Now the New York State Department of Health has opened an investigation of the California laboratory, IGeneX Inc., that issued Mr. Courcier's positive result, after receiving eight complaints from doctors and patients who said its Lyme tests also gave them positive results not confirmed by other labs' results.
Concern about Lyme testing goes beyond New York State. This year the Food and Drug Administration and the Centers for Disease Control and Prevention released a warning about Lyme tests "whose accuracy and clinical usefulness have not been adequately established."
The warning did not mention IGeneX or any other lab by name. But Dr. Paul Mead, a C.D.C. scientist who helped write it, said in a telephone interview, "Quite simply, we're concerned that patients are being misdiagnosed through the use of inaccurate laboratory tests." He added that some of the tests and techniques used by IGeneX were among those the agencies were concerned about.

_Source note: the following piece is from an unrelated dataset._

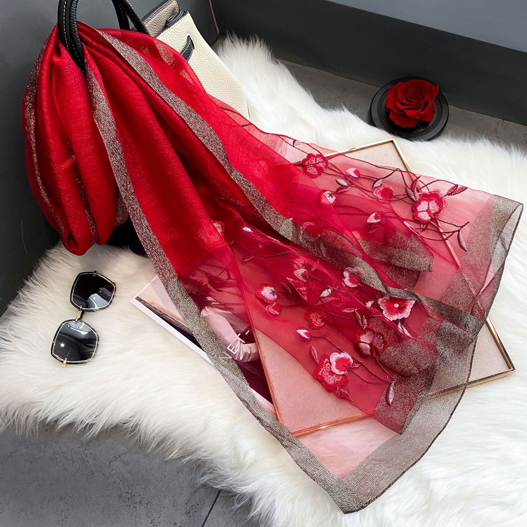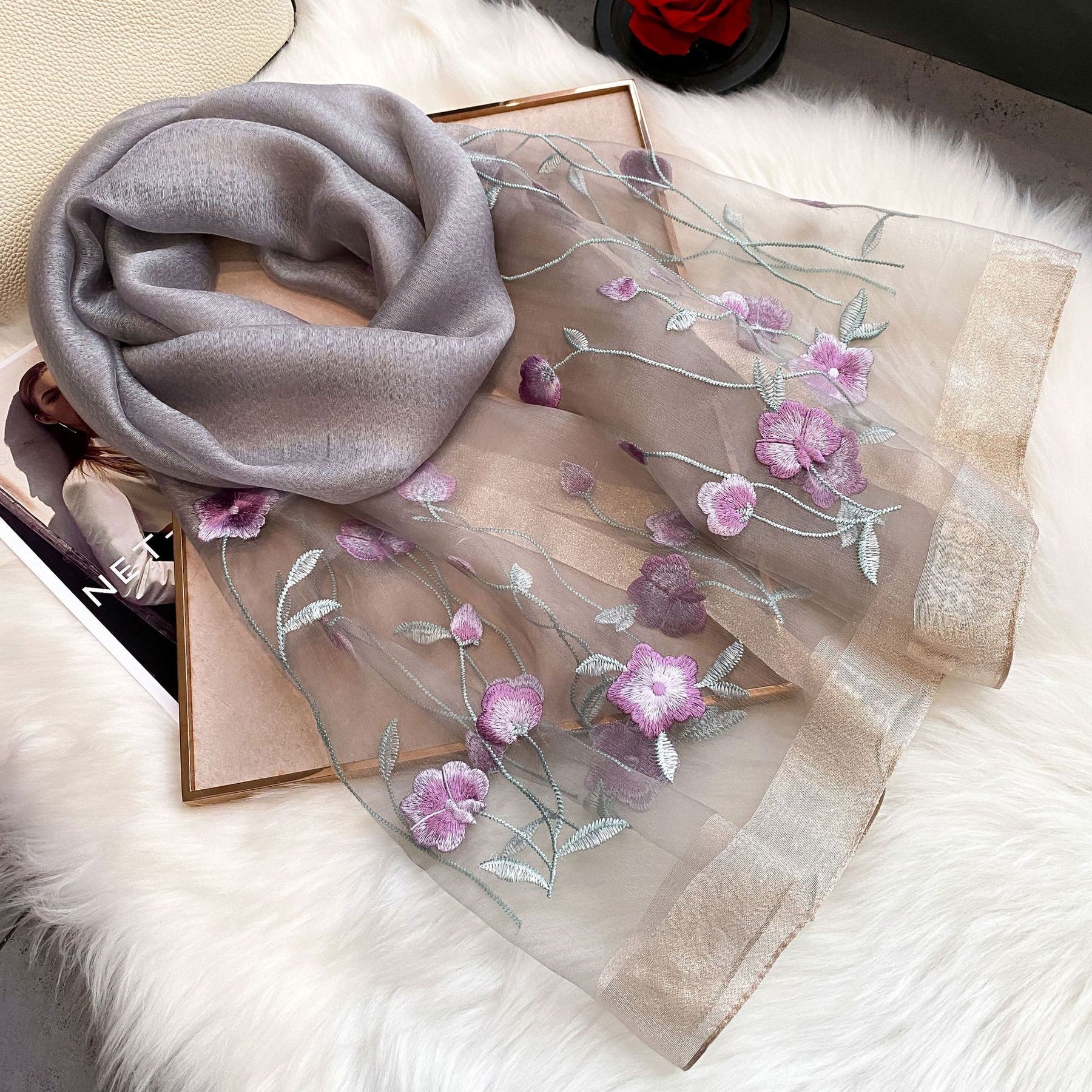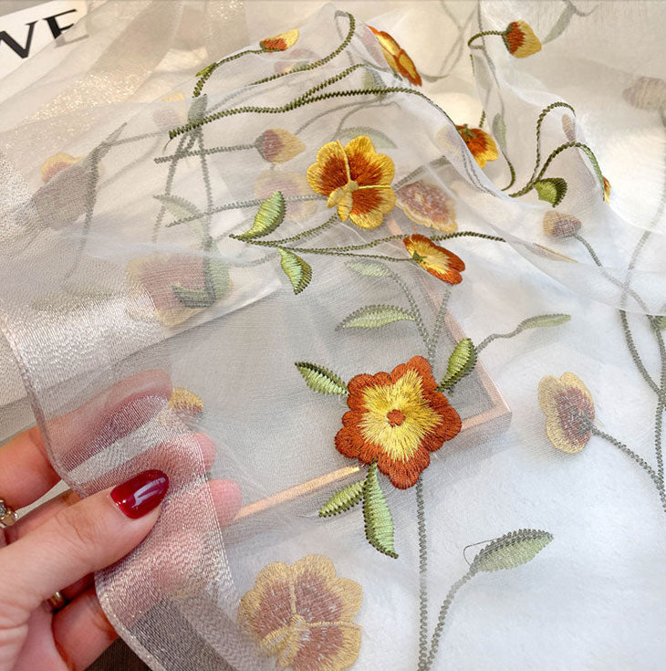 Lightweight scarf with delicate embroidery is perfect for daily wear and work.

Nick Harris, the founder and chief executive of IGeneX, defended his company's testing, saying that the federal guidelines miss many patients who have Lyme disease.
Guidelines from the disease control agency recommend Lyme testing only when patients have symptoms and live in an area of the United States where ticks are known to be infected with Borrelia burgdorferi, the organism that causes the disease. Under the guidelines, laboratories should first conduct a test called Elisa. But the Elisa test often gives a false positive result, so the agency also calls for a second, more sensitive test, the Western blot.
The recent warning by the two federal agencies named some tests they said had not proved useful or accurate. They noted, for instance, that some laboratories performed a test called polymerase chain reaction "on inappropriate specimens such as blood and urine." IGeneX offers such tests on both blood and urine. The alert also warned against methods of interpreting Western blots "that have not been validated and published in peer-reviewed scientific literature."
Nationally, reported cases of Lyme disease have more than doubled in a decade, to at least 23,963 in 2003 (the most recent year for which statistics are available) from fewer than 9,000 in 1993. Infectious disease experts agree that infections have been on the rise, but they worry that part the increase may be due to overdiagnosis.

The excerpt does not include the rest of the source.